• [EXERCISE] Return the data exactly, apart from leaving out the pictures.

• [GIVEN INFORMATION]

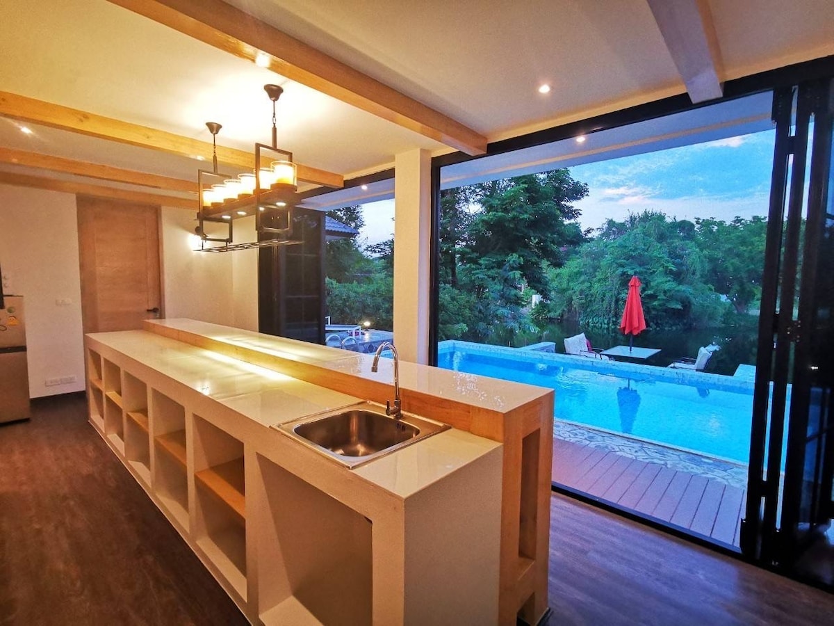 2️⃣ Exclusiva villa moderna con piscina Dragon Palace en el centro de Chiang Mai.Galardonada con el Premio al Diseñador.Reportaje de televisión. Recomendado por estrellas en Facebook.
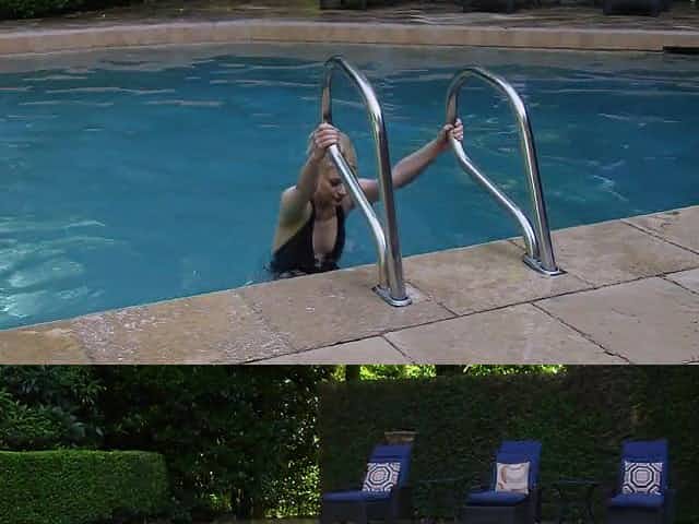 Nice bitch in a swimsuit fucks around the pool
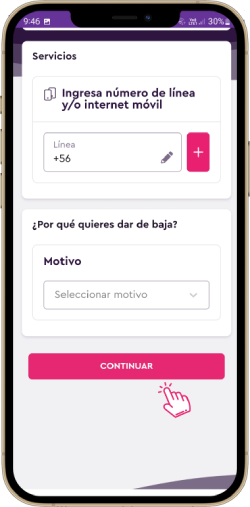 3. Visualizarás tus datos principales y deberás rellenar los campos que se necesitan para continuar, como tu número de teléfono y/o de internet móvil o BAM (Banda Ancha Móvil) pinchando el signo más (+) y el motivo por el cual quieres renunciar a tu plan, luego pincha “Continuar”.

• [WRITTEN ANSWER]
 2️⃣ Exclusiva villa moderna con piscina Dragon Palace en el centro de Chiang Mai.Galardonada con el Premio al Diseñador.Reportaje de televisión. Recomendado por estrellas en Facebook.
 Nice bitch in a swimsuit fucks around the pool
 3. Visualizarás tus datos principales y deberás rellenar los campos que se necesitan para continuar, como tu número de teléfono y/o de internet móvil o BAM (Banda Ancha Móvil) pinchando el signo más (+) y el motivo por el cual quieres renunciar a tu plan, luego pincha “Continuar”.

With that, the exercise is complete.